Created 03-29-2019 01:07 AM
Created 03-29-2019 05:30 AM
AWS EC2
Created 03-29-2019 05:59 AM
Created 03-29-2019 07:29 AM
Created 03-29-2019 05:56 AM
Summary
Improvement, but oozie still fails to initialize and it's possibly OOM. Investigating that possibility.
Details
I compared 'rpm -qa' and the contents of the yum repo and explicitly added a few missed packages. I don't think they're related, e.g., most were related to impala, but wanted to eliminate all variables.
HDFS format worked.
No lucene errors.
Cloudera-scm-server did not crash - I'm able to log into the CM dashboard. The warnings seem to be mostly related to the size of the EC2 instance.
However there's still a few problems.
OOZIE
However oozie initialization is still failing. The stack traces are
Latest:
2019-03-29 12:29:17,583 ERROR WebServerImpl:com.cloudera.server.web.cmf.TsqueryAutoCompleter: Error getting predicates
org.apache.avro.AvroRemoteException: java.net.ConnectException: Connection refused (Connection refused)
at org.apache.avro.ipc.specific.SpecificRequestor.invoke(SpecificRequestor.java:104)
at com.sun.proxy.$Proxy179.getImpalaFilterMetadata(Unknown Source)
at com.cloudera.cmf.protocol.firehose.nozzle.TimeoutNozzleIPC.getImpalaFilterMetadata(TimeoutNozzleIPC.java:370)
at com.cloudera.server.web.cmf.impala.components.ImpalaDao.fetchFilterMetadata(ImpalaDao.java:837)
Before that:
2019-03-29 12:29:07,748 WARN ProcessStalenessDetector-0:com.cloudera.cmf.service.config.components.ProcessStalenessDetector: Encountered exception while performing staleness check
java.util.concurrent.ExecutionException: java.lang.RuntimeException: java.lang.RuntimeException: java.lang.RuntimeException: java.lang.RuntimeException: Unable to find commissioned ResourceManager in good health
at java.util.concurrent.FutureTask.report(FutureTask.java:122)
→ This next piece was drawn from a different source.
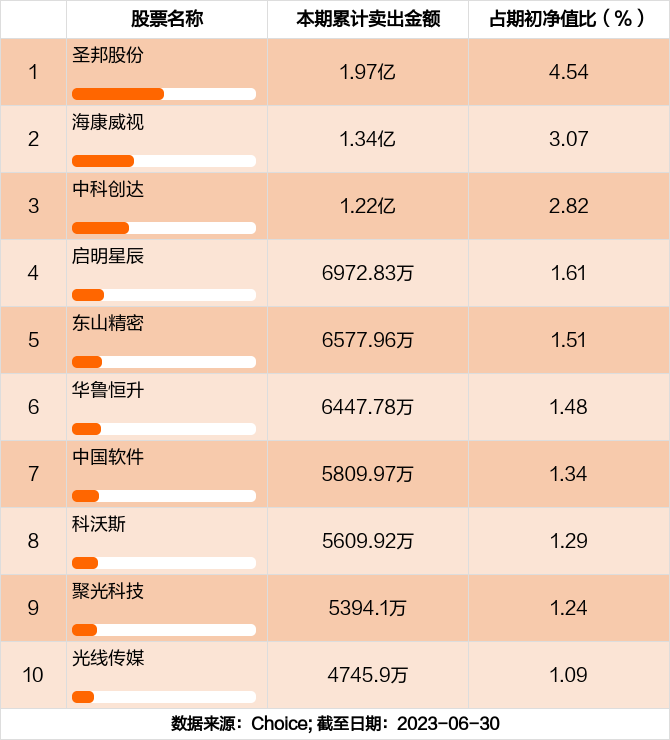 本期基金累计卖出金额最高的前十大个股分别是圣邦股份,海康威视,中科创达,启明星辰,东山精密,华鲁恒升,中国软件,科沃斯,聚光科技,光线传媒。

at java.util.concurrent.FutureTask.get(FutureTask.java:192)
2019-03-29 12:28:28,011 INFO main:org.quartz.core.QuartzScheduler: Scheduler meta-data: Quartz Scheduler (v2.0.2) 'com.cloudera.cmf.scheduler-1' with instanceId 'NON_CLUSTERED'
Scheduler class: 'org.quartz.core.QuartzScheduler' - running locally.
NOT STARTED.
Currently in standby mode.
Number of jobs executed: 0
Using thread pool 'org.quartz.simpl.SimpleThreadPool' - with 1 threads.
Using job-store 'org.quartz.simpl.RAMJobStore' - which does not support persistence. and is not clustered.
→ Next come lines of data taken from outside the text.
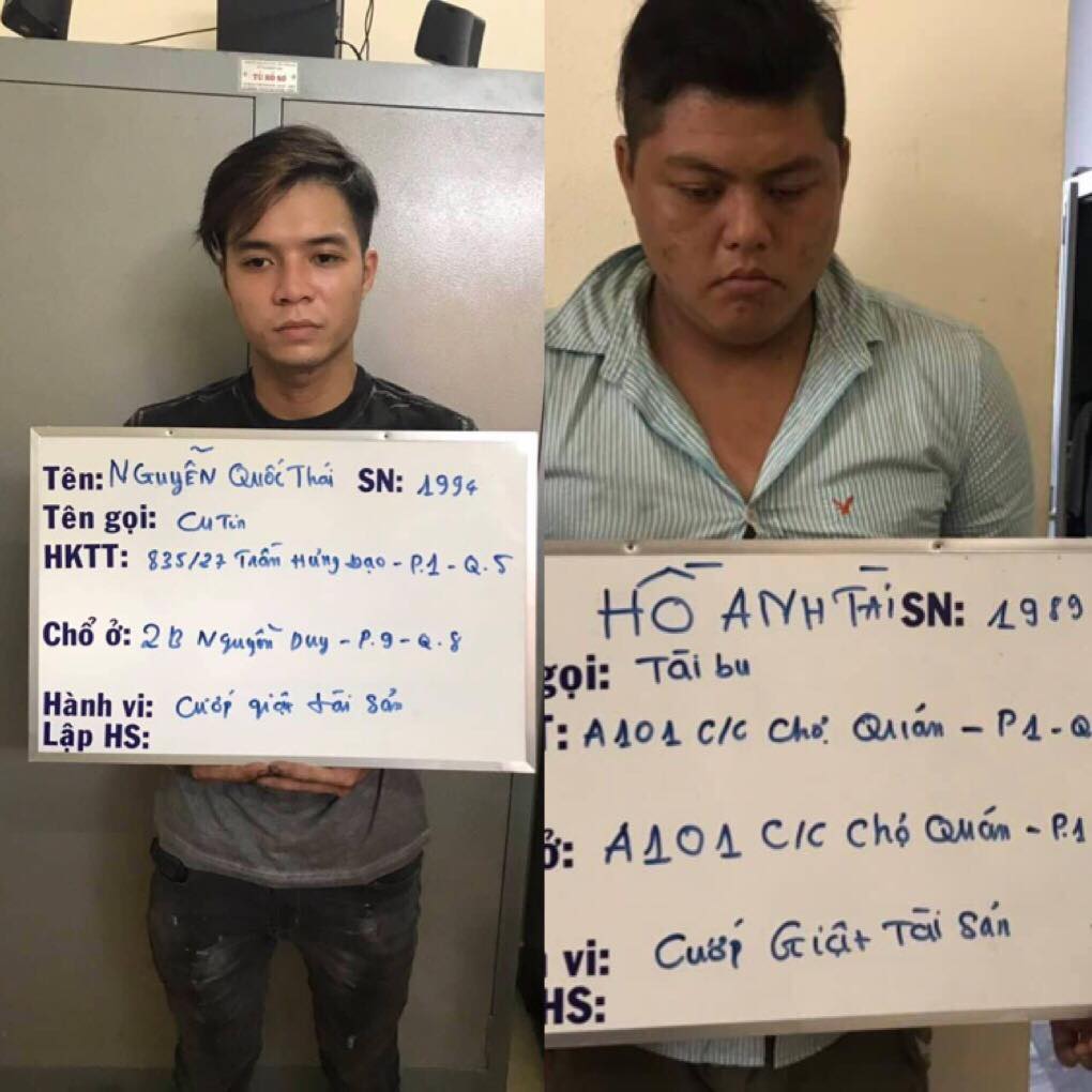 Ngày 30/6, Đội 3, Phòng cảnh sát Hình sự (PC02), Công an TP.HCM cho biết, đơn vị này vừa bàn giao 2 đối tượng Hồ Anh Tài (hay gọi là Tài ‘bu’, 30 tuổi) và Nguyễn Quốc Thái (25 tuổi) cùng ngụ quận 5, cho Công an quận 11 để điều tra về hành vi Cướp giật tài sản.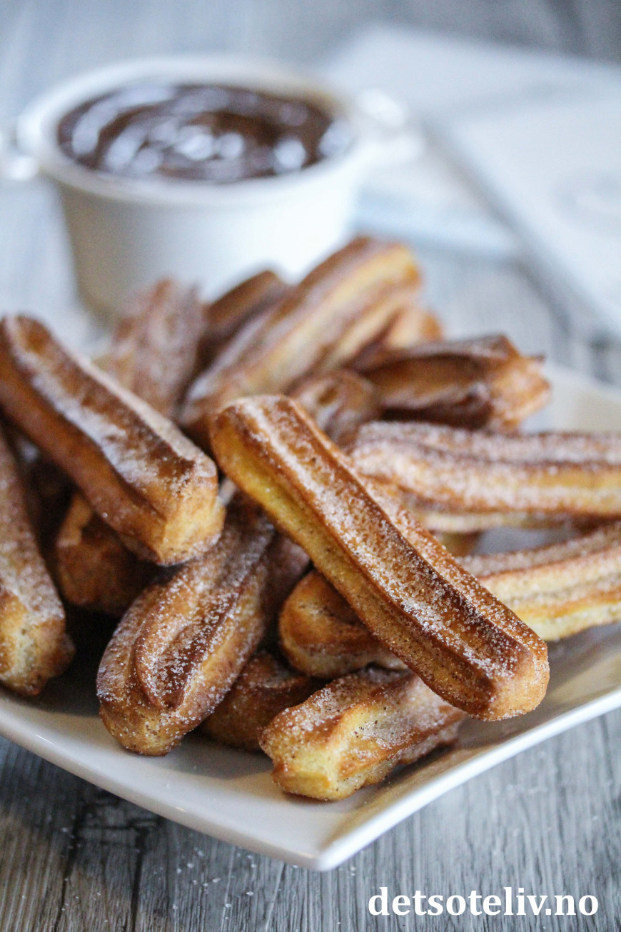 Churros er en spansk spesialitet, som består av vannbakkelsdeig som tradisjonelt frityrstekes i olje. Den deilige baksten kan drysses med melis eller rulles i kanelsukker, og dyppes gjerne i sjokoladesaus.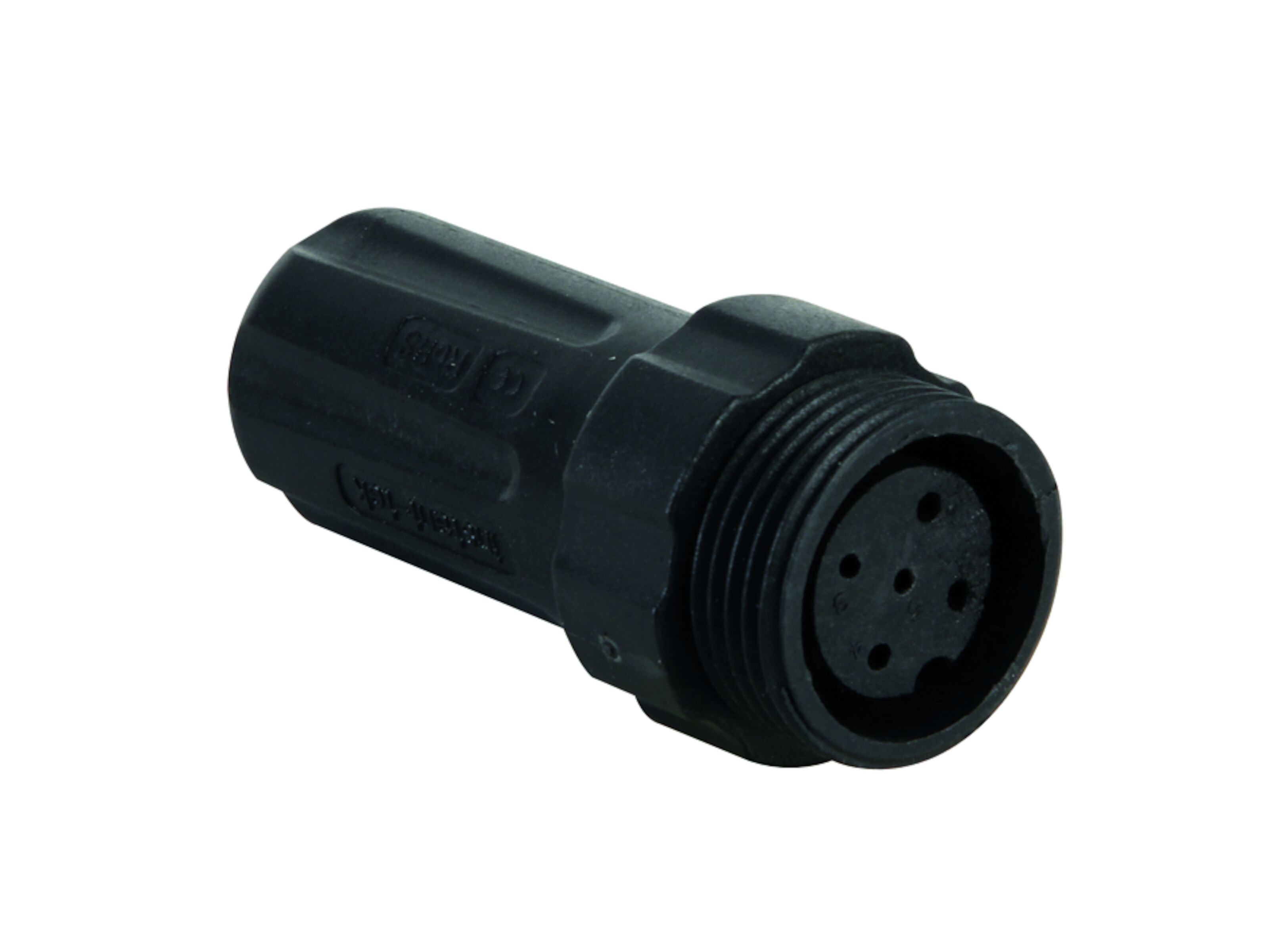 Skarpe nyloninkapsling som ikke korroderer. Gullbelagte kontakter og tetning i EPDM-gummi. Egnet for utsatte miljøer, for eksempel til bruk i båter, biler, campingvogner, motorsykler. Rask og enkel tilkobling. Høy polariseringssikkerhet takket være styrespor. Maks: 24 V, 10 A. Sikker, gjenget låsing. Loddetilkobling. For kabel Ø 6,5-8,5 mm. Tilgjengelig som hann, hunn og kabinettmontert hunn.

The /var/logs/hadoop-yarn directory is empty. Perhaps OOZIE is failing because YARN isn't coming up?
HDFS
When I start HDFS via CM I get this error:
There was an error when communicating with the server. See the server log file, typically /var/log/cloudera-scm-server/cloudera-scm-server.log, for more information.
CRASH / RESTART
It looks like the server crashed at this point. The logs show that it's trying to restart but failing. I don't see an explanation. I'm going to attribute that to OOM until I can rule that out.
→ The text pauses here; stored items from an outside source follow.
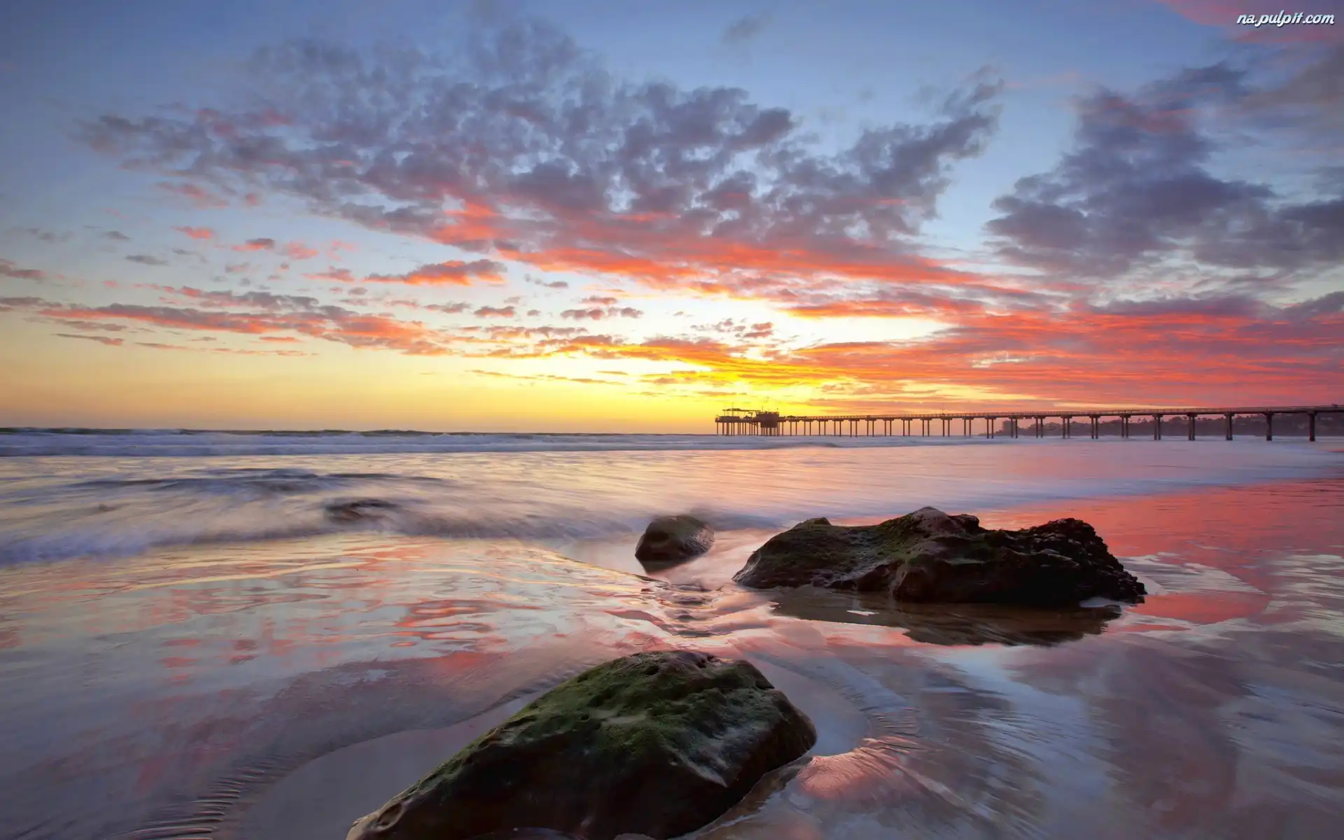 Kamienie, Chmury, Molo, Morze, Zachód słońca Na Pulpit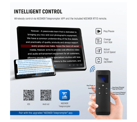 • Smart APP Remote ControlPair the RT113 remote (included) with your phone inside our NEEWER Teleprompter App via Bluetooth connection, then you can pause, speed up and down, and turn pages of scripts with a few clicks. The remote has a discreet black appearance and quiet buttons for unaffected shooting. The app is compatible with iOS 11.0/Android 6.0 and later and available in major app stores for free download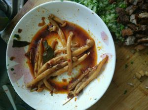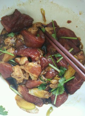 肉切成块,放入料酒,酱油,鸡精,盐,姜片,葱段,香菜搅拌腌40分钟左右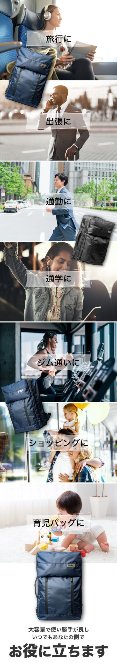 (4)持ち運び便利なキャリーオンベルト完備。コンパクトなのに大容量な秘密は長方形だから!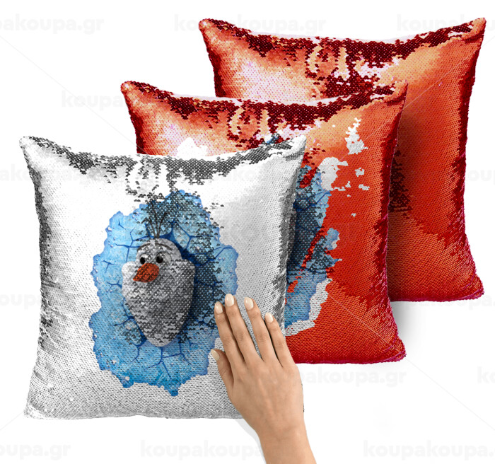 Frozen Olaf, Μαξιλάρι καναπέ Μαγικό Κόκκινο με πούλιες 40x40cm περιέχεται το γέμισμα

Created 03-29-2019 06:22 AM
If the server crashed with OOM then it may not be sufficiently staffed with resources (RAM). Are you installing to a single node? What are the hardware resources for this host?
Please make sure that the YARN service is started up and in good health state before starting Oozie.
The HDFS startup error indicates communication issue to CM server, please review the CM server logs if there are any issues shown during this time including Detected pause in JVM messages.